The therapeutic effect for GBC is usually evaluated by recurrence-free survival and overall survival, providing straightforward indicators for clinical outcomes. Clinical studies by Thorsten [17] and Uzun [18] have identified radical surgical resection as the most critical factor affecting the prognosis of GBC. Further research has highlighted that urban living background, the presence of cholelithiasis, N-staging, and M-staging also play significant roles in determining prognosis for GBC patients [19]. Additionally, multivariate analyses have shown that tumor differentiation, perineural invasion, T-staging, and N-staging are significant predictors of patient prognosis [20]. Currently, there is a lack of uniform criteria for predicting early recurrence of GBC. A previous multicenter study [21] involving 309 post-surgical GBC patients found that 33.3% of patients relapsed at a median follow-up of 15.1 months, suggesting that 12 months may be a critical threshold for early recurrence. The study also noted that T3/4 GBC and poor tumor differentiation were independent risk factors for early recurrence.

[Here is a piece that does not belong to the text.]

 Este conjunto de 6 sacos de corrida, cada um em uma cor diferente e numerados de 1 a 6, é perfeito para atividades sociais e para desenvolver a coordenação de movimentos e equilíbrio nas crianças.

Age, T-staging, LNM, differentiation degree, and CA199 level were identified as prognostic factors affecting 3-year DFS in patients through univariate Cox regression analysis. Further analysis using LASSO and XGBoost regression confirmed these factors as independent prognostic factors affecting DFS of GBC patients. Age is related to the decline of physiological functions and may affect patients’ tolerance and response to treatment [20]. Older patients may have more comorbidities, limiting their likelihood of receiving more aggressive treatment, thereby affecting treatment efficacy and increasing recurrence risk [18]. T-staging is a key indicator for evaluating tumor invasiveness. T3-T4 tumors may have penetrated the gallbladder wall and invaded adjacent tissues or organs, increasing the complexity of surgery and the risk of postoperative recurrence [22]. Higher T-staging tumors may require more extensive surgical resection, impacting patient recovery and quality of life [23]. A multicenter study by Kim et al. [24] reported that the 2-year RFS of GBC patients was about 41% and that stage T3-T4 was an independent risk factor for recurrence within 2 years after radical surgery. As T-staging increases, there is a higher likelihood of microsatellite tumor metastases in the liver or peritoneum, resulting in occult tumor remnants during surgical resection. Patients with T3 GBC are more likely to develop micrometastases in the liver or adjacent organs than those with T1b-T2 tumors, contributing to higher risk of early postoperative recurrence.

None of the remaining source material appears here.